Receta Short Ribs, Peckham Style
I’ve been away a lot recently. That’s been great fun, of course – Australia in January, then San Diego last week – and I’ve eaten loads of things I can’t wait to write about. Today though, all I wanted was the flavours of home. The weather here is, of course, pissy, which was a bit of a shock after the whispering rustle of palms and cloudless California sky. I needed something slow braised and stodgy.
Every now and then I like to get a whacking great thonk (totally a word) of meat and cook it ‘Peckham style’ which means slow cooking it in stock turbo-charged with export strength Guinness (have you ever got drunk on that stuff? Like drinking psychoactive treacle then waking up the next day with no memories but an overwhelming sense of creeping doom), scotch bonnet chillies, allspice, and some other bits and bobs of Rye Lane origin. The result of this is a sweet and sticky sauce, meat which just gives up saying “damn, this is some tasty liquor, you deserve the imminent breakdown of all my connective tissues” and a really pleasing rumble of bonnet spice (just pierce them for the love of Del Boy, don’t chop them up or you’ll have a literal shit storm on your hands).

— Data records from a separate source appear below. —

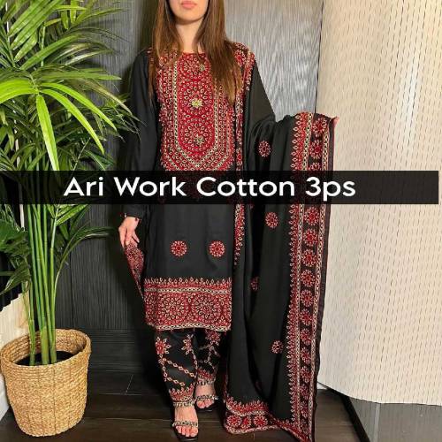 Stuff Lwan Cotton Embroidery Trouser with chiffon embroidery duppta 3Pcs Dress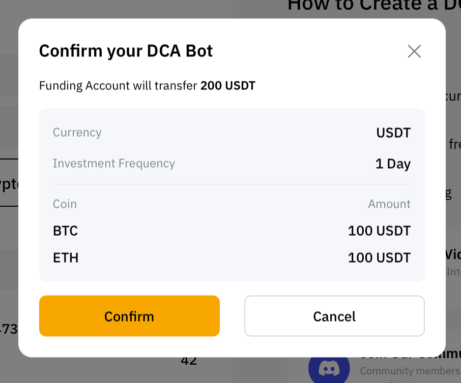 Крок 4: Перевірте уважно створену вами інформацію про DCA-бота, а потім натисніть Підтвердити, щоб почати торгівлю.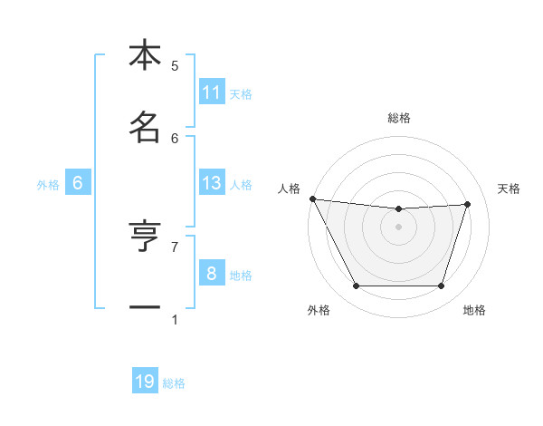 本名 亨一さんの天格は11画の4点!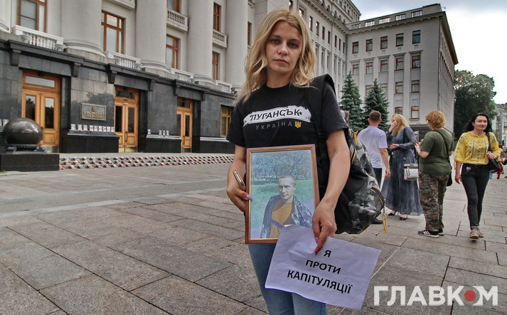 Нагадаємо, 22 травня біля будівлі Адміністрації президента у Києві проходив одиночний пікет дружини вбитого на Донбасі українського військового.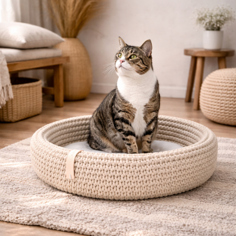 Coco Basket: En oase af komfort og stil designet til din elskede kat. Denne håndhæklede kurv er omhyggeligt fremstillet af Oeko-Tex bomuldsreb af høj kvalitet og tilbyder et luksuriøst tilflugtssted for katte.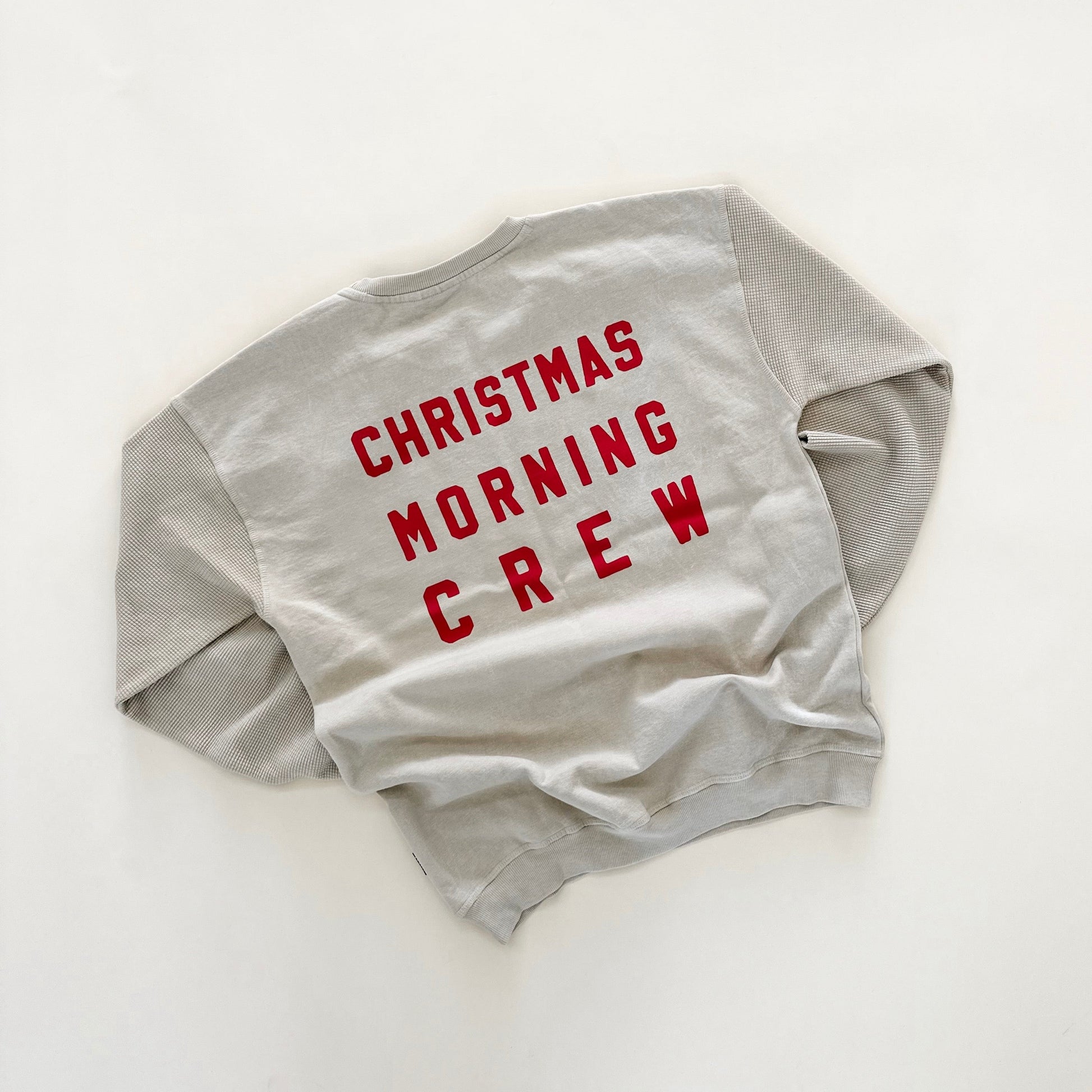 Christmas Morning Crew Waffle Sleeve Crewneck - Acid Wash Oat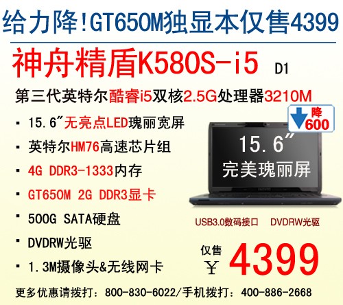 泡泡网笔记本频道11月8日 提到性价比,想必大家最快想到的就是神舟电脑的精盾系列笔记本,今天小编将为大家奉上神舟电脑一款具有超高性价比的游戏利器——精盾K580S-i5 D1,在不到4K5价位上给广大游戏发烧友们提供了一个不错的选择。下面就为大家简单介绍一下精盾K580S-I5 D1的强劲之处:它采用了最新的IVB架构酷睿i5双核2.5G处理器3210M,在性能和功耗上面将会有更出色的表现。配合全新顶级GT650M 2G DDR3独立显卡,与高速芯片组HM76,出色的4G DDR3-1333内存等,强强联手,打造终极战斗武器精盾K580S-i5 D1,使其各项综合性能得到出色发挥,同时精盾K580S-i5 D1采用500G SATA硬盘,足以应对日常存储需要,现双十一大狂欢狠降600元官方售价仅为4399元!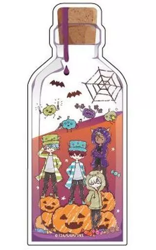 It is a standing item that expresses the world view of Mr. Character in a three dimensional palm-sized bottle. The back side is plain (white).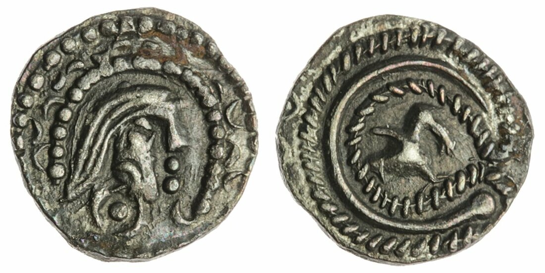 Anglo-Saxon England, Secondary Series (710-760), Sceat, Series O, type 38, Mint in East Kent, bust right, snub nose descending from hairline, swept back hair or perhaps a helmet with nasal, pincer shoulder (an ornament ?) breaking beaded border, rev. small bird flying right, fish in beak, stitched double torc, enclosing boss-headed snake anticlockwise, vestigial outer blundered legend or cable border, torc anticlockwise, 1.00g, 270° (SL 58-20; SCBI 69, 585 this coin; North 95; Spink 807 plate coin), darker cabinet tone with traces of rust, otherwise good very fine and very rare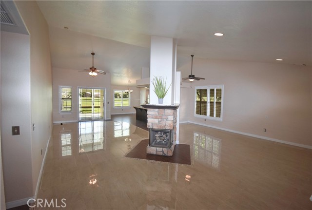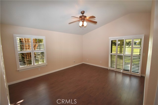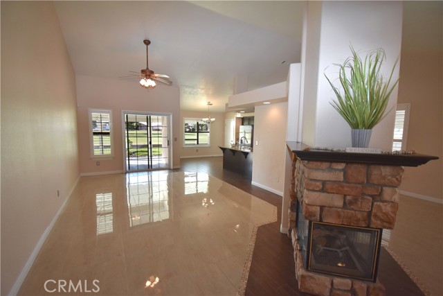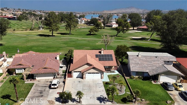 This beautiful 3 car garage home is nestled in Spring Valley Lake on the golf course. This home offers 3bd, 2ba with 1890sqft of living space. The inside has been freshly painted from top to bottom, including bathroom and kitchen cabinets. Beautiful White Shutters are throughout the home. It's a blank canvas and ready for you to add your personal touch. As you walk in the front door, you see the open and spacious Living/formal dining area with a fireplace in the center, to separate and give it a cozy feel all year long. The kitchen can be accessed from either the living or dining area and offers an open feel. Whether you are Watching your favorite shows, entertaining family and friends, preparing a delicious meal in your kitchen or just sitting at your table enjoying a cup of coffee, you will have picturesque views of the beautifully scenic golf course. As you head down the hall you will find access to the 3 car garage through the spacious in door laundry room. Continuing down the hall is the Guest Bathroom and the 3 bedrooms with the spacious primary bedroom at the end. The primary bedroom offer's the scenic view of the golf course along with access to the Back porch and a walk-in closet with built in storage. The Primary bathroom has a custom Shower, with a raised curb to easily get in and out. This house has Solar Panels and is fully landscaped. Come see this beautiful home!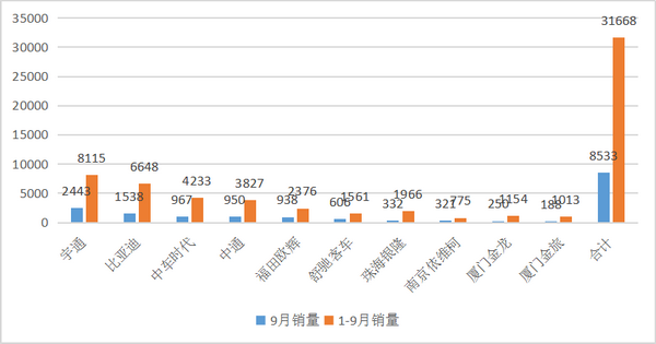 2017年9月及前三季度新能源公交客车销售数据解读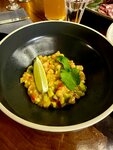 Шикарное место! Сразу хочется отметить интерьер: темные тона, полумрак и яркие белые светящиеся подвесы в виде дорожки под потолком через весь зал. Большие панорамные окна дают ощущение свободы. Смотрится отлично! Меню очень большое и вкусное, винная карта огромная, на разный запрос бюджет. Официаньы молодые люди, которые общаются легко и непринужденно, я бы сказал-по дружески. Хорошо знают меню, могут посоветовать блюдо или напиток по предпочтениям. Отдача блюд быстрая: напитки 5-7 мин, салаты и нарезки 10-12 мин, горячее 20 мин. И это в пятницу вечер, но посадка неполная. По совету официанта попробовал томленый говяжий хвост! Долгое время имел желание его попробовать, но само название вселяло страх и даже некое отвращение. Услышав от официанта подробный рассказ о блюде и способе его приготовления, я забыл про свою фобию и сделал заказ. И не пожалел! Нежное томленое мясо отходило от кости и радовало своим нежным и приятным вкусом. Для сравнения-еще нежнее говяжьих щек! А копченое картофельное пюре дополняло общую нежность блюда при таком отпугивающем названии) Обязательно к заказу! коротко скажу об остальных блюдах: нарезки качественные и вкусные, салаты большие и аппетитные. Тар тар из лосося и манго-выше всяческих похвал: вкусно, нежно, красиво! Однозначно рекомендую к посещению! Цены высокие, но стоит того. Наш дружеский ужин удался! Обязательно посетим еще, когда будем в Брянске!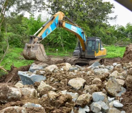En sectores como Mesada de Abajo (Colimes) y la vía Balzar-Los Palitos-Palenque (Balzar), la intervención fue clave para habilitar el paso, mientras que, en cantones como Daule, Naranjal y Balao, se ejecutan trabajos urgentes para contener la erosión y proteger a las comunidades frente a inundaciones. “Hoy tenemos una Prefecta que se preocupa por su gente, que atiende y responde de inmediato ante el llamado de sus ciudadanos.”, señaló Jofre Rubio, habitante de Mesada de Abajo, donde los equipos técnicos y operativos de la Prefectura realizan un desazolve y ejecutan la construcción de un badén.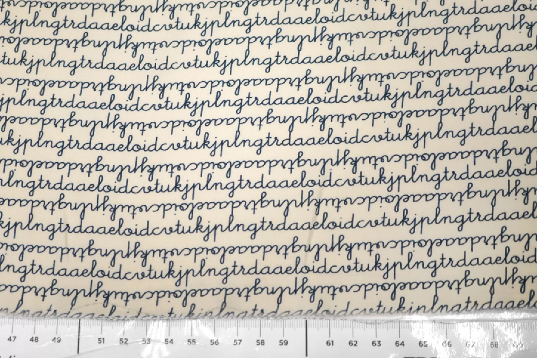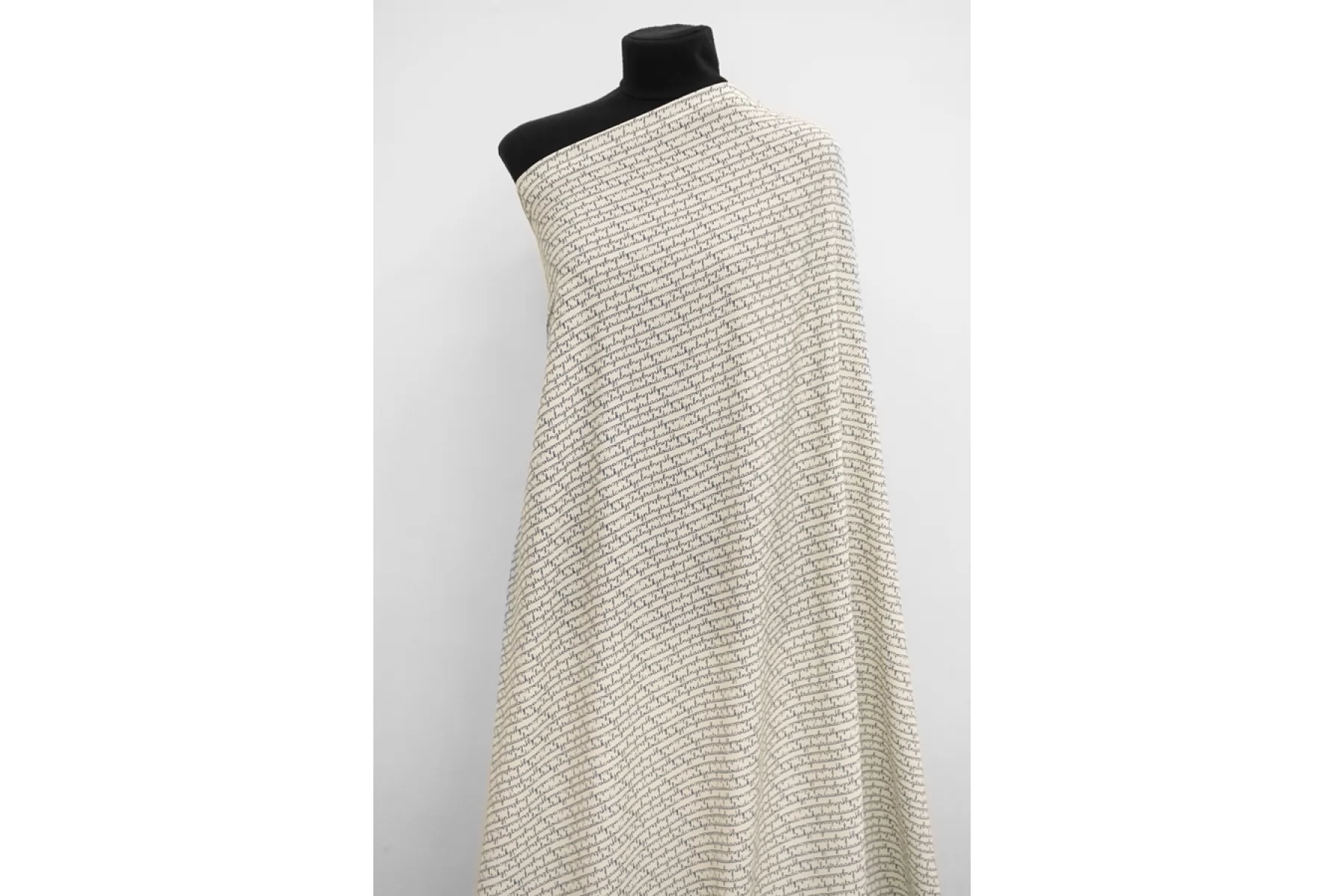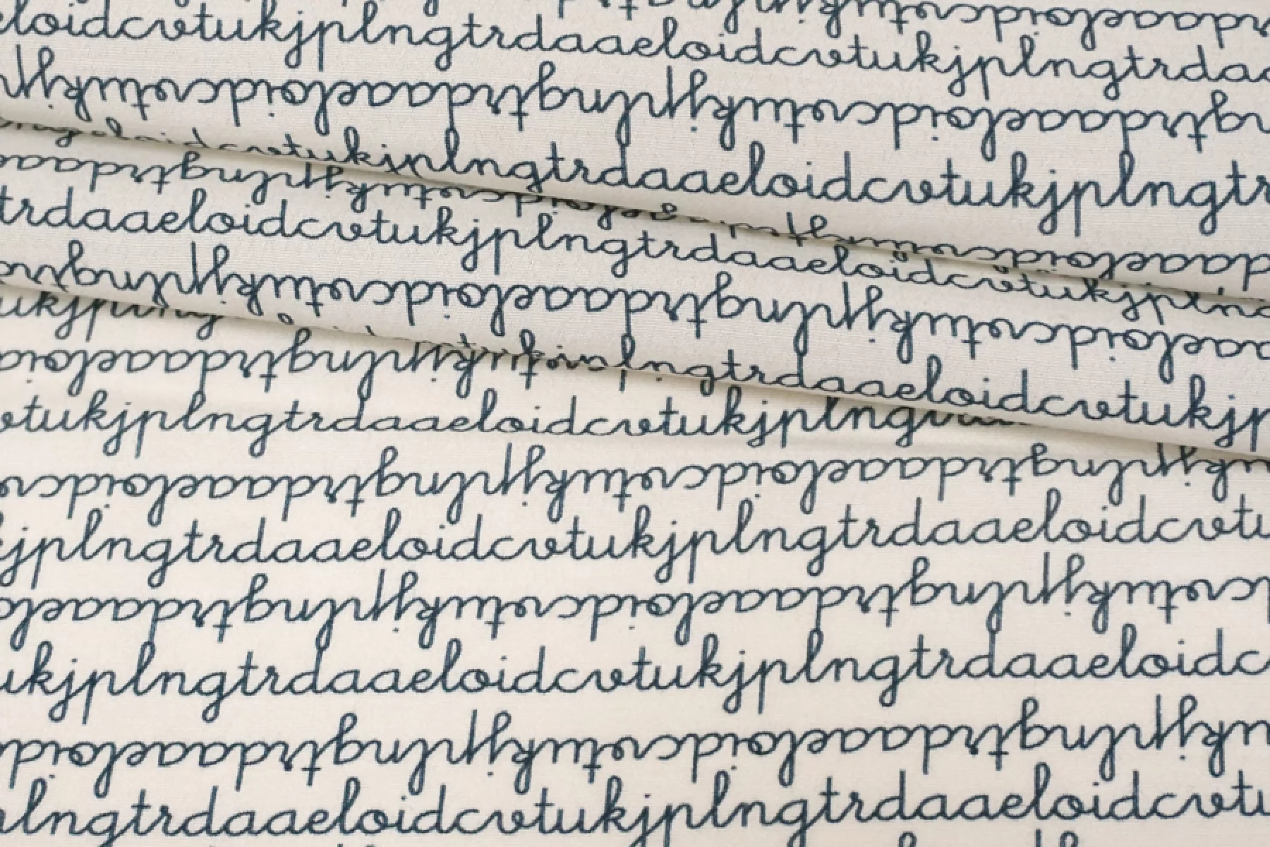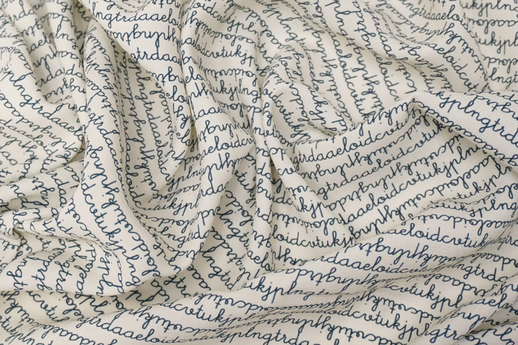 Креповая вискоза c принтом в виде бесконечного текста, буквы темно-синего цвета, фон молочный. Приятная и шероховатая наощупь. Тонкая, пластичная, красиво драпируется, форму не держит. Немного просвечивает. Немного мнется. Плетение немного тянется (пружинит). Отличный вариант на платья, юбки, блузки. Учитывайте усадку.

Dumplings are a must in this weather, so we made some with thyme. Well, I say ‘we’ but the truth is that I basically dictated this recipe from my sick bed, because I am being quite rightfully punished for all the fun I have had in the past six weeks. Seems fair. We had a pickled cabbage salad sort of thing on the side – a recipe which I doctored from this original on Smitten Kitchen – the changes are listed below. It’s a perfect accompaniment if you’re cooking this kind of full on big balls braise. Oh and there was some cavolo nero, because that’s always nice, isn’t it.
- Short Ribs, Peckham Style (with thyme dumplings and pickled cabbage) (serves 6, or maybe 4)
- 1kg beef short ribs (I kept all mine in one piece)
- 2 litres chicken stock (I used home made and yes it does make a difference)
- 2 bottles export strength Guinness (660ml)
- 2 red onions, sliced chunkily
- 6 cloves garlic, peeled and left whole
- 1.5 inch ginger, peeled and thickly sliced
- 2 sticks celery, sliced
- 6 allspice berries
- 1 cinnamon stick
- 2 scotch bonnet chillies, pierced but left whole
- 3 tablespoons Muscovado sugar
- 2 bay leaves
- Flour, for dusting the ribs
- Preheat the oven to 160C
- Cover a plate with flour, season it with salt and pepper, and put the ribs on it until they’re all coated. Heat a big, oven-proof, lidded casserole pan (large enough to fit the ribs and all the liquid – sounds obvious but we’ve all done it), then add some oil (veg, groundnut, not olive) and brown the ribs. Set them aside.
- Whack a splash of stock in the pan so it bubbles up and use something not too scrape-y to get all the nice meaty bits up off the bottom, then chuck everything else in, so your onions, celery, garlic, ginger, spices, chillies, bay leaves, Guinness and enough stock to top it right up. Save the rest for topping up throughout cooking.
- Put the lid on the casserole and cook for 3 hours, turning every so often if the ribs are poking out a bit.
- After this time, remove the meat and skim a bit of the fat from the top of the sauce. Then you can make the dumplings…
- For the dumplings (makes 12)
- 75g suet
- 175g self-raising flour
- 1 tablespoon thyme leaves
- Mix the suet, flour and thyme lightly together, season with salt and pepper then gradually add enough water to bring it together (it won’t take much). Give the mix a brief knead until it’s a good mass then roll into 12 balls. Drop these into the sauce (I cook this bit on the hob), put the lid on and cook for 10-15 minutes.
- For the pickled cabbage salad (this is from Smitten Kitchen – I have converted the measurements, ditched the red pepper, added coriander seeds instead of celery, reduced the amount of sugar and used cider vinegar instead of white)
- 1 white cabbage, cored and sliced
- 1/3 carrot, grated
- 1/2 red onion, sliced
- Third cucumber, finely sliced
- 350ml cider vinegar
- 350ml water
- 70g grams caster sugar
- 1 tablespoon salt
- 1/2 teaspoon coriander seeds
- 1 tablespoon salt
Mix sugar, salt, coriander seeds, vinegar and water in a bowl until sugar and salt are dissolved. Mix with the veg and leave for at least an hour.